Tran’s argument is his focus on piracy as an informal media distribution system that is

necessitated by limited access to legal media goods in low-income countriesin this case,

Vietnam specifically. Tran posits piracy as “a realistic strategy for survival and innovation” (pp.

52), arguing that it is the only way for many living on the global fringes to access global culture.

While there were issues of clarity and disclosure regarding the actual research design of his

participant-observation, Tran’s work was ultimately invaluable for framing the Vietnamese

pirate shop as a scaled model of global media distribution, demonstrating how the pirate

production-consumption cycle is a response to unequal access to media that is otherwise

routinely framed as global, implied to be accessible to all. Tran cautions that piracy is not a

perfect or neutral solution to this unequal access, and as a distribution system has its own

impacts on media consumption. The degraded sensorial experience often implicit in pirated

products, for example, can paradoxically distances audiences from the global media culture they

are consuming, even as it enables their participation in it.
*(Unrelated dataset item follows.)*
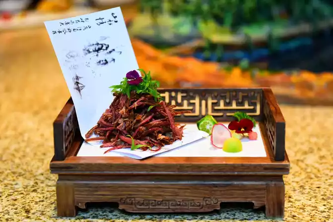 When I returned to the hotel from Gan Haizi, my stomach was already hungry. I heard that Hilton happened to hold the first "Chinese Chef Season" this month, and as a foodie, I naturally won't miss this opportunity to taste delicious food. I made a reservation with my friends at Mai Chinese Restaurant and ate the dishes carefully cooked by Master Liu Yang, who has been in the industry for more than 20 years, especially the "highland barley pan-fried yak steak", which also won the honor of the top ten dishes of the "Panda Jiuzhai" food festival.

While this paper provided less of the direct method applicability than I’d hoped it would, it

was immensely valuable for opening up considerations of pirate identities and structures in non-

North American and European contexts, where much of my research has been focused so far. My

own research will be enriched by this broadened geopolitical perspective, and my critiques of
clarity and disclosure in Tran’s piece serve as a reminder to focus on these elements in the

development of my own research design.

Bibliography

Ali, S., & Kelly, M. (2004). Ethics and social research. In C. Seale (Ed.), Researching Society
and Culture. SAGE.

Baumgärtel, T. (Ed.). (2015). A Reader in International Media Piracy: Pirate Essays.


Amsterdam: Amsterdam University Press.

Bernard, R. (2011). Research Methods in Anthropology: Qualitative and Quantitative


Approaches (5th ed.). Lanham: AltaMira Press.

Gobo, G. (2008). Doing ethnography. SAGE.